Another tool I use is a structured sharing of information that allows the person another perspective. Through this slow and measured process, questioning is tailored to the core issues of the relationship dynamics. I might ask of one parent, “How does it feel to you when you hear that nothing you ever do is right?” It is in the expectation of a different result that the question become the path of opportunity for disengagement.


Many mediators are not comfortable with high emotion and seek to quell the throes and fits of parents laden with terror and fear. These are not the mediators that can effectively dealing with intractable couples. One must be unafraid to go to the center of the conflict with the parties while they are experiencing the high emotion. I think fearlessness is a necessary quality for approaching a conflict in a reactive system. Just as a psychotherapeutic mediator would never try to evaluate a multi-party anti-trust dispute in mediation, lawyers and former Judges are not trained, nor are they comfortable in these psychologically charged systems. This model of mediation would be more effective in a model of co-mediation with a mediator who has experience with this population of disputants.

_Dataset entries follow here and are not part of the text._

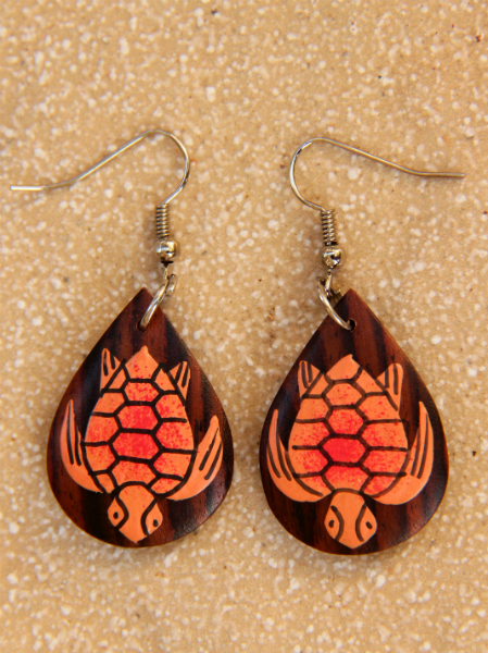 Originální náušnice z lehkého tropického dřeva, ručně malované na přírodně hnědém podkladu.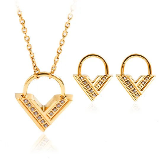 | Name | Stainless steel V letter set Necklace Earrings Jewelry plated 18K gold diamond letter necklace |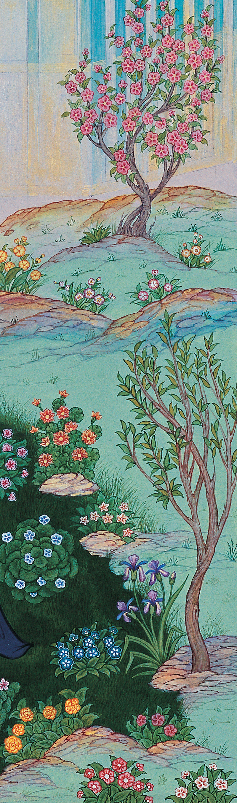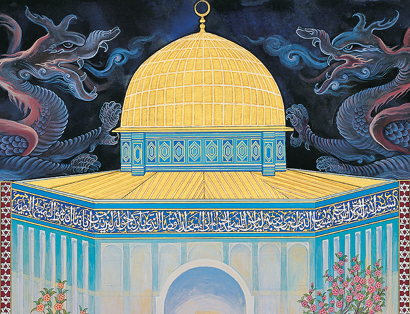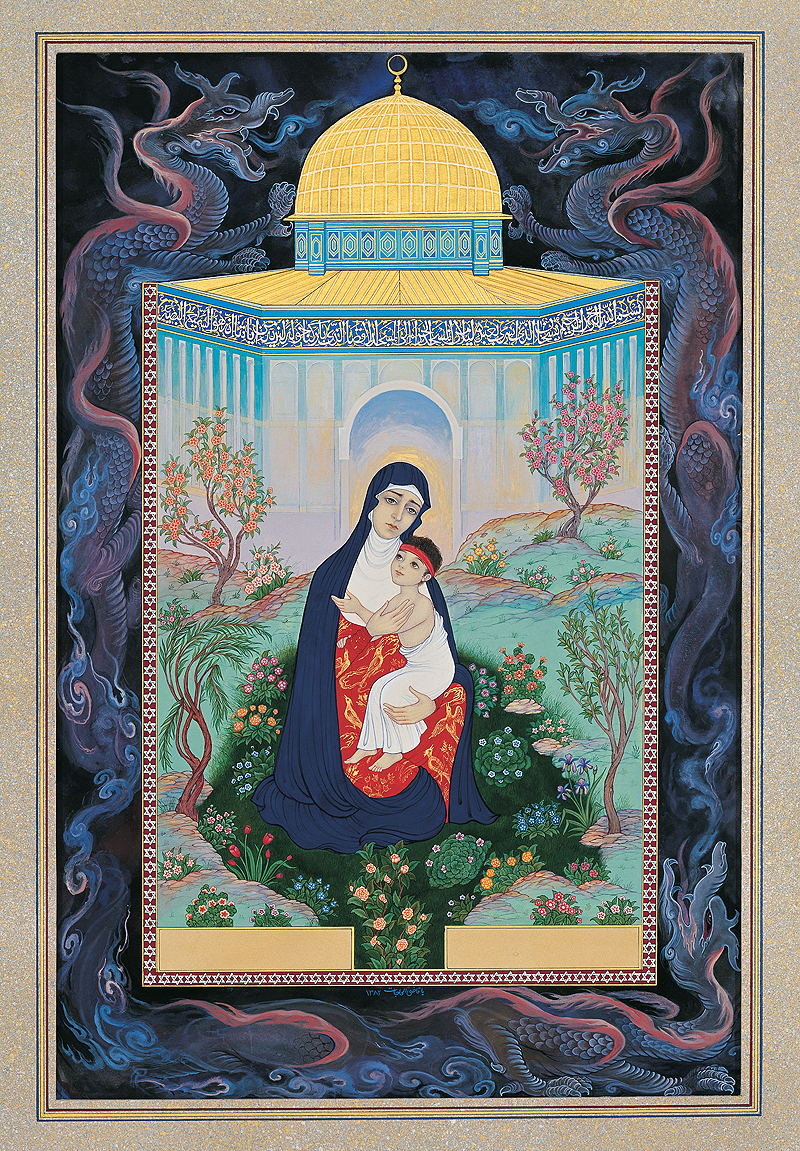 از توصیفات شاعرانه تابلو که بگذریم، قاضیزاده تابلو را به سه بخش اصلی تقسیم میکند، بخش اصلی به مادر و کودک و روایت تاریخی تابلو میپردازد. در بخش دوم ما با بنای قدس شریف روبرو هستیم که به گونه ای بی نظیر فضای دو بعدیِ نگارگری را با پرسپکتیو خود بنا درهم آمیخته است . نکته های جالب در این بخش، به کارگیری نوارِ حاشیه ای بین بخش سوم تابلو است که نشانه های از ستاره داود به رنک قرمز و سیاه است که حس اسارت را در ما بیشتر میکند. قاضی زاده با بهره گیری مناسب از خوشنویسی حس بی نظیری به ساختمان بنای قدس داده است .

Because the practitioner becomes part of the system when entering the circle of concern, the setting of boundaries is paramount. One strategy would be to move into the dance of conflict between the parties. Interrupt their unconscious, though well-rehearsed dance and ask questions that move them off their reactivity with each other and into reactivity with you. You can help them operate within the system in a way that can move them out of patterned response and into a slower interchange that can be more effectively managed by the practitioner. These modalities are derived from experiential psychotherapy and from inventions akin to psychodrama and the work of Jacob Moreno.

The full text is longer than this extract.